Rechtliche Beurteilung

[6] Die Kläger zeigen in der außerordentlichen Revision keine erhebliche Rechtsfrage im Sinn des § 502 Abs 1 ZPO auf:

[7] 1. Die Kläger wenden sich nicht gegen die Ansicht des Berufungsgerichts, dass § 211 Abs 1 ABGB Eingriffe des Kinder und Jugendhilfeträgers (KJHT) in die Obsorge regelt und Pflegeeltern, die nicht mit der Obsorge betraut sind, von dieser Bestimmung nicht erfasst sind.

[8] 2. Soweit die Kläger ihre Schadenersatzansprüche auf Art 8 EMRK stützen, ist ihnen entgegenzuhalten, dass der Oberste Gerichtshof bereits zu 1 Ob 199/22d (Rz 88 ff) und 1 Ob 193/23y (Rz 56 ff) ausgesprochen hat, dass völkerrechtlich der Vertragsstaat der EMRK und innerstaatlich der Gesetzgeber Adressat der sich aus Art 8 EMRK ergebenden Schutzpflichten ist. Aus grundrechtlichen Schutzpflichten nach Art 8 EMRK lässt sich kein subjektiver, im Gerichtsweg direkt durchsetzbarer Anspruch des Einzelnen ableiten. Dieser ist auf eine „gesetzliche Vermittlung“ angewiesen. Die Kläger nennen aber keine einfachgesetzliche Grundlage für den von ihnen begehrten Schadenersatz.

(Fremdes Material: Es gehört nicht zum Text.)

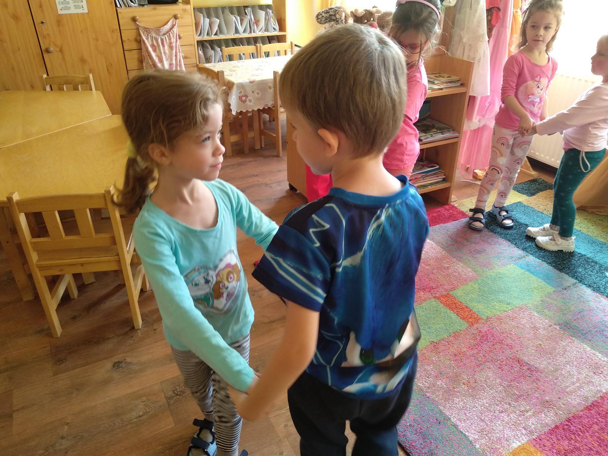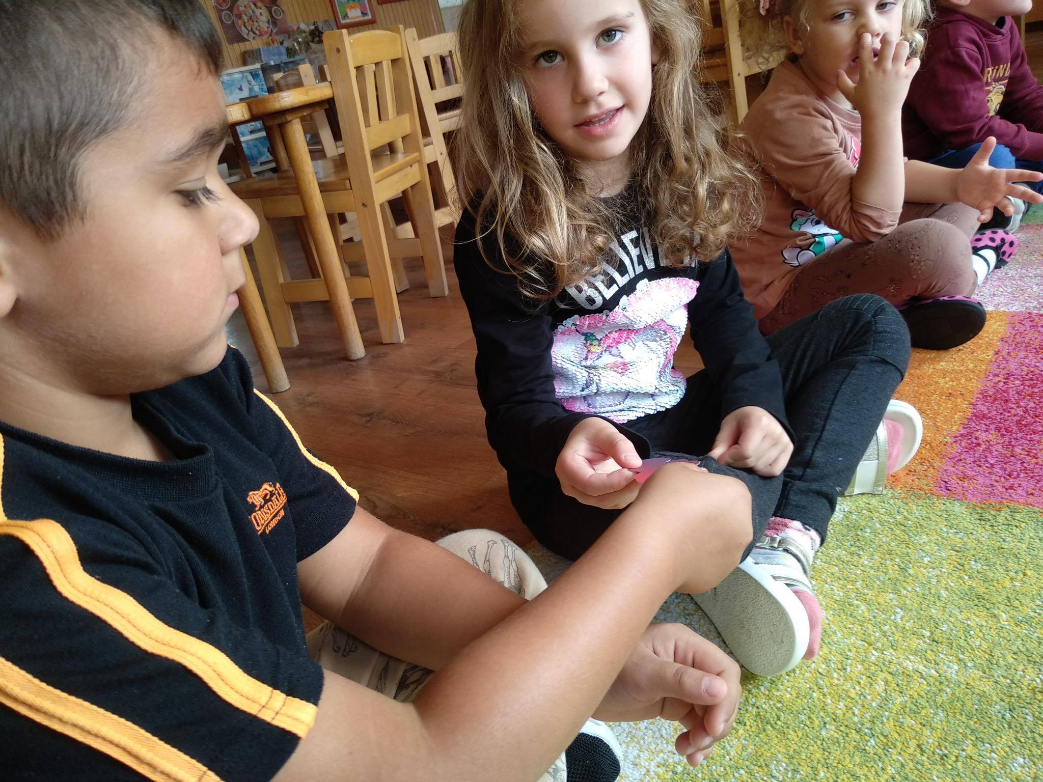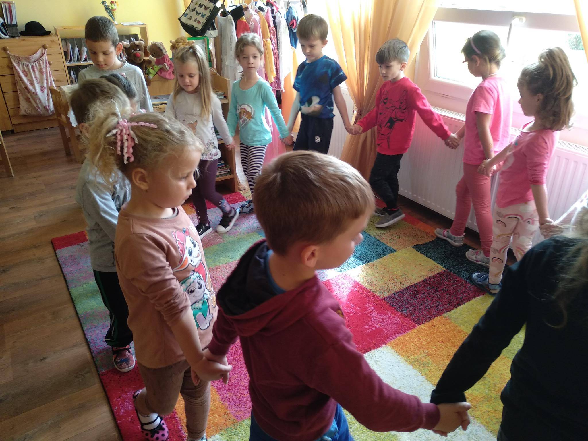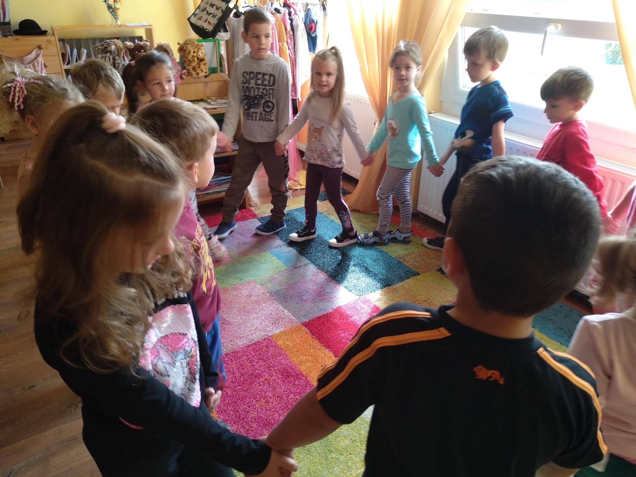 A foglalkozást Bagdi Bella dalával kezdtük. Körbeültünk, fogtuk egymás kezét és hallgattuk a dalt. A dal után megkérdeztem a gyerekektől, vajon miért lehetünk hálásak? Ezeket átbeszéltük, és megerősítettem bennük azt a sok jó ötletet, amit mondtak, s elmondtam én miért vagyok hálás nekik. Körbeadtunk egy színes levelet, amit utána mindenki, aki valakinek hálás valamiért továbbadta. Felhívtam figyelmüket az apró gesztusokra. Ezután elénekeltünk egy dalt, s mindenki egy párt választott, akivel „öröm táncot” járt. Ezután elmeséltem nekik a Hálafa történetét, amit át is beszéltünk.
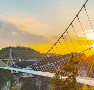 早餐后乘车赴全球瞩目的世界最长、最高的【世界第一玻璃桥--云天渡玻璃桥】桥高约 400 多米,长约 370 米,宽 6 米,全部采用 99 块透明玻璃铺设而成,感受刺激,陶醉神奇,见证奇迹;全长 400 米,在这里,你可欣赏到峡谷全景,若对着谷底喊上一嗓子,回音袅袅参观地下山河,然后参观土家民族精粹和传统手工艺术展览中心—【印
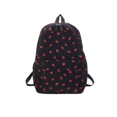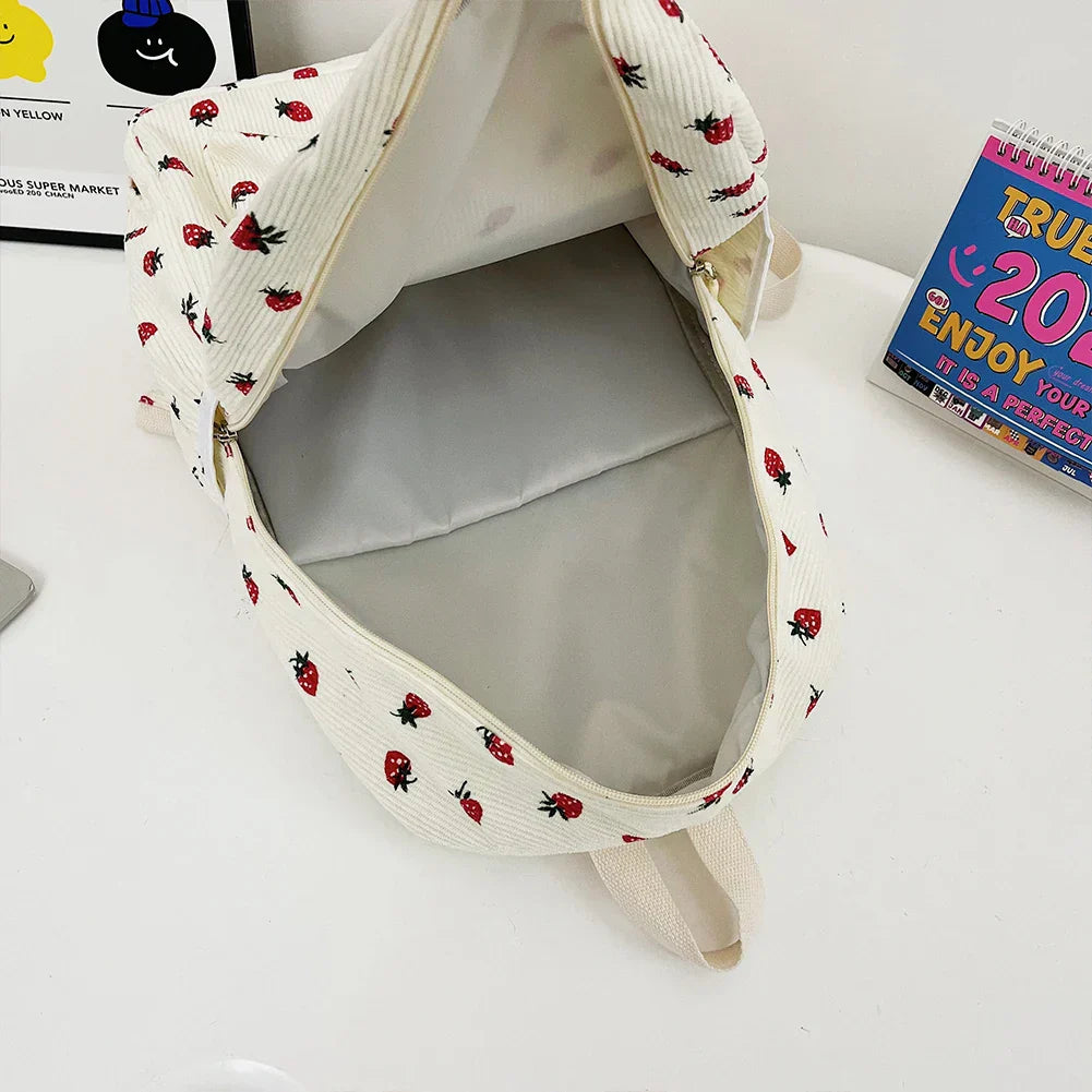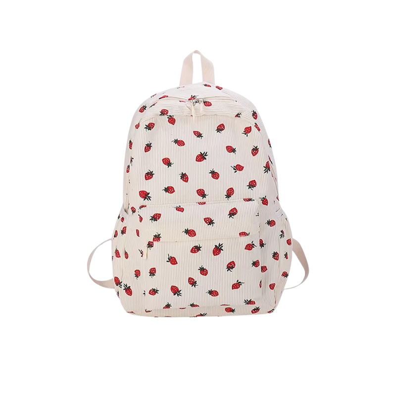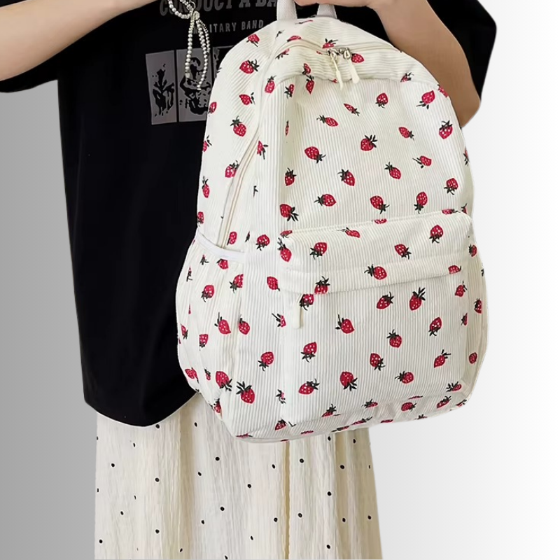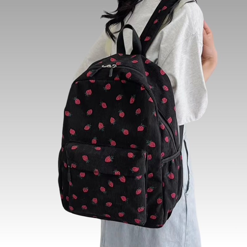 Tessa | Corduroy rygsæk med jordbærprint, lynlås og laptoprum 43 x 30 x 14 cm til skole og rejse | Rygsække

[9] 3. Sie wiederholen in der Revision im Wesentlichen die Ausführungen in ihrer Berufung und setzen sich mit der rechtlichen Beurteilung des Berufungsgerichts, die die Pflegeelternschaft regelnden Bestimmungen des ABGB sähen keine mit jenen der obsorgeberechtigten Eltern vergleichbaren Rechte und Pflichten der Pflegeeltern vor, diesen kämen keine subjektiven Rechte auf Aufrechterhaltung der Pflege und Erziehung zu und eine sachlich nicht gerechtfertigte Ungleichbehandlung von Pflegeeltern sei nicht zu erkennen, nicht auseinander. Damit ist dem Obersten Gerichtshof eine Überprüfung dieser Fragen mangels gesetzmäßiger Rechtsrüge verwehrt (RS0043603 [T16]).